Sunday, December 13, 2009

Taking Land

High Court Weighs Florida Beach Case : NPR

I caught this report on NPR last week. A number of homeowners down in Florida are claiming that the State has "taken" their land, at least as far as the constitution is concerned, by building a sandbar which added a strip of land between their property boarder and the water's edge. The added strip of land is public, so the property owner's property no longer abuts the water. So no actual property has been lost, rather the value of the property is arguably reduced by the presence of this public strip between the owner and water's edge. Furthermore, the issue was settled by the Florida courts according to Florida State law, against the homeowners. The issue came to the Supreme Court on the unique claim that the Florida Court's decision amounted to an unconstitutional taking of land by the judiciary.
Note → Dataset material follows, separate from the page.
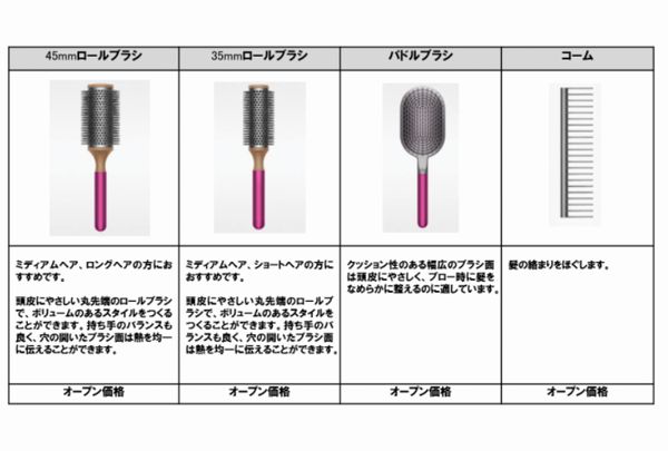 今回の4モデルの内訳は、ショートやロングヘアなどでボリュームのあるスタイルをつくり、熱を均一に伝えられるよう設計されたロールブラシが2種類(45mm/35mm)。頭皮にやさしくブロー時に髪をなめらかに整える幅広のパドルブラシが1種類。髪の絡まりをほぐしてくれるコームが1種類となっている。

I certainly think the plaintiffs are in the wrong here. No land was taken, that seems like the end of the story. The Government is not required to limiting itself to policies that never reduce the value of anyone's property. Yet, from the reports on NPR and elsewhere, I see no other basis for claiming this as a taking of property. Read the account above on the issues raised and consider an alternative. What if the state had followed a policy that created a strip of land a few feet wide but with a few feet of water between the property owner's property and this new strip of land. All concerns about disturbing the owner's peace would remain, but the owner's property abuts water. How wide would such a strip of land have to be, are the owner's guaranteed that a body of water of some size be located at the edge of their property? The issue, it seems to me is a sort of rights creep. In purchasing the property, the owner's were provided certain stated rights under the purchase contract and state law. Given those rights they assumed that other conditions could be expected to hold, although said conditions were not promised under any guarantee. They now argue that the state must respect not only the guarantees made, but also these additional expected conditions. Supporting this will only lead to yet more extravagant expectations, which in turn will have to be respected, and so on.
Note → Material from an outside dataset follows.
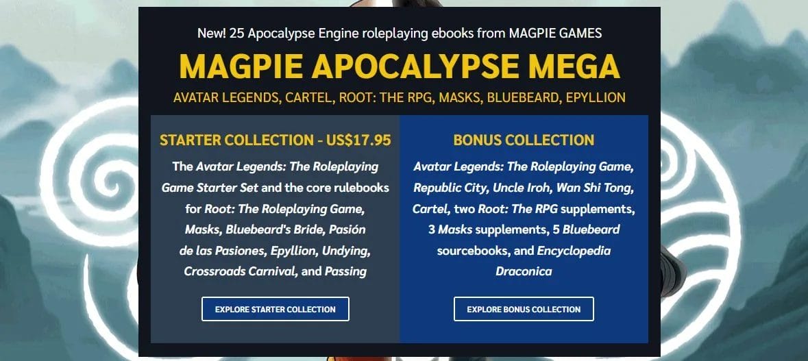 Magpie Games has opened a massive archive of its critically acclaimed catalogue on Bundle of Holding. The Magpie Apocalypse Megabundle collects 25 tabletop roleplaying games and supplements, all driven by the narrative-forward Powered by the Apocalypse engine. Running until Tuesday, 21 April, the offer spans an enormous variety of genres, from the record-breaking Avatar Legends to the brutal Mexican drug wars of Cartel.

But more than that, I see here a failure of imagination on the part of progressives. I have heard other reports of property owners claiming government taking that were hardly much better than this. And we can see, from the report, that the current court is considering this claim with some seriousness. But if this does constitute "taking" property, then the implications are huge. Government cannot take property from a citizen without just compensation, but a private citizen may not do so either. So if the state cannot manage its own property if such management will in any way decrease the value of property owned by a citizen, how can citizen A change his property in any way that will decrease the value of property owned by citizen B? One would think that a decision in favor of the plaintiffs on this case would have serious implications for mountaintop removal, for example.

Even if we are to believe that this is taking only if done by the state (that is to say that if the property under the water were owned by a private citizen who acted exactly as the state did, there would be no claim) consider the implications for global climate change, sea level rising and loss of property. The governments granting permission to the power industry to dump CO2 into the atmosphere would clearly amount to "taking" property from land owners.

These issues, and others I could raise, apply not only to this case, but to a number of others. Yet, I see little evidence that progressives are trying to use these kinds of decisions to advance progressive causes. Our efforts seem limited to ineffectual arguments against the decisions.

There is a large point here too. Very often, it seems to me, conservative arguments do not make any sense, even on their own terms. Yes property rights are important, and the government exists, in no small part, to protect them. But if this kind of action constitutes taking of property, it seems to that such a decision would all but destroy property rights, not affirm them.